How We Rebuilt a 15‑Year‑Old Review Platform: From Monolithic Code to a Scalable DDD‑Driven Architecture

Background

The review subsystem of a large e‑commerce platform collects text, images and videos after a transaction and serves them on product detail pages. It handles billions of requests per day, making it a high‑concurrency, high‑availability service.

Legacy Pain Points

Codebase >1 M LOC, tangled procedural logic, no clear layering; single classes contain tens of thousands of lines.

Low delivery efficiency – each change required weeks of impact analysis and QA effort.

Stability issues – >100 JSF interfaces, missing idempotency, circular service dependencies caused frequent outages and high on‑call load.

Re‑architecture Objectives

Support new business lines (stores, couriers, cars, pharmacists) with a generic domain model.

Reduce coupling and improve code maintainability.

Eliminate single points of failure, add idempotent APIs, and lower operational cost.

Strategic Design

We adopted Domain‑Driven Design (DDD) and performed event‑storming workshops to identify business scenarios and bounded contexts.
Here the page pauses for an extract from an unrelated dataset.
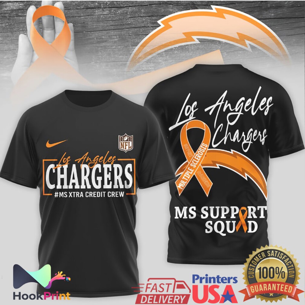 ▶️ About Los Angeles Chargers MS Awareness Orange MS Support Squad Ribbon T Shirt – 3D T-Shirt

The review domain was split into seven sub‑domains (creator, production, disposal, recommendation, consumption, conversion, revenue); the five core sub‑domains (creator, production, disposal, consumption, revenue) became the focus of reconstruction.

Micro‑service Layering

BFF layer : HTTP façade for PC, App and Mini‑Program front‑ends.

Application layer : Input validation, context assembly and orchestration.

Domain layer : Core business logic encapsulated in domain services and entities.

Infrastructure layer : Persistence, external gateways and anti‑corruption wrappers.

Package & Domain Separation

Within each layer we introduced fine‑grained packages that follow domain boundaries, achieving high cohesion and low coupling.

Tactical Design

Application Architecture – Cloud Ladder (LPD) Framework

The Cloud Ladder framework enforces the LPD principle (Layer, Package, Domain). It draws inspiration from the open‑source COLA framework but removes unnecessary abstractions. POJOs are simplified, and strict layer dependencies are enforced through compile‑time checks.

Data Storage Architecture

Online storage (CQRS) : Write path stores primary data in JED (a MySQL‑compatible store). Read side uses JIMDB for high‑QPS traffic and Elasticsearch for lower‑QPS scenarios. Data is projected into view models by Flink/MQ pipelines.

Offline storage : Dozens of legacy FDM tables were consolidated into a unified GDM model. The GDM schema contains a primary review table with JSON‑encoded extension fields, a voucher table for qualification, and auxiliary tables for audit and tagging. This reduces table count from >100 to <10 and eliminates redundant columns.

Data Migration & Consistency

Bulk migration: Export historic data from JED to Hive, compute diffs with Spark jobs, and re‑import corrected rows.

Incremental sync: Deploy Binlog listeners that replay changes to the new stores and perform real‑time cross‑system validation.

We built a diff‑reduction pipeline that collects metrics, clusters diff cases, prioritises storage‑layer fixes, and iterates until the diff rate falls below the defined threshold (≤0.1%).

Business‑Logic Consistency

Traffic replay was used to compare old and new APIs on a 0.1 % sample. Detected mismatches were grouped by root cause (storage vs code). Over 80 % of mismatches originated from storage inconsistencies, so we focused remediation on the data layer. After successive fixes the interface‑level consistency reached >99 % and key business metrics (review count, positive‑rate) were within acceptable variance.

Organizational Guarantees

A dedicated reconstruction team was formed with the following roles:

Project lead (overall responsibility)

Architects (technical selection, design review)

Core developers (code migration)

QA engineers (automated diff verification)

SRE (deployment, monitoring)

Product owners (business alignment)

PMO (schedule, risk register)

Governance included daily stand‑ups, weekly cross‑team syncs, monthly retrospectives and a transparent communication channel.

Key Principles (Five “Must‑Do” Rules)

Control technical complexity by separating data‑layer and code‑layer milestones.

Make milestones verifiable and deliverable.

Invest heavily in upfront domain analysis and modeling.

Assign domain and functional owners to solidify manpower allocation.

Conduct lightweight, regular retrospectives to adapt quickly.

Benefits

Throughput increased by ~2.5×.

Code size reduced by >80 % (from >1 M LOC to ~180 K LOC).

System remained stable during the 2025 Double‑11 peak (no major incidents).

Deployment time dropped from ~5 hours to <30 minutes per service.

New review types can be added with minimal code changes.